_INPUT FOR THIS TASK_:

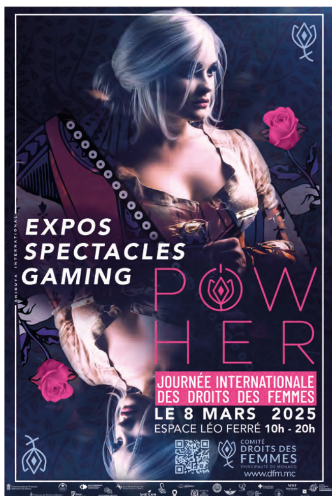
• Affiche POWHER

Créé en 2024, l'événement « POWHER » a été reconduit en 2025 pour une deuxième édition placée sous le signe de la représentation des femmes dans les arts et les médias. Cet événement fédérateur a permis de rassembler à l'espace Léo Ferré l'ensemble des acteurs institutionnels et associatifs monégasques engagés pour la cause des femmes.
* * *
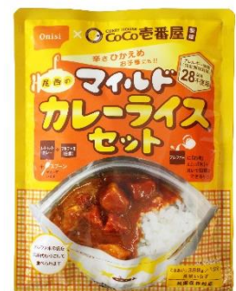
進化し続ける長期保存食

_EXERCISE AIM_: How many lines in the entries above include the string "POWHER"? Please answer with that number and nothing more.

_REPLY_: 2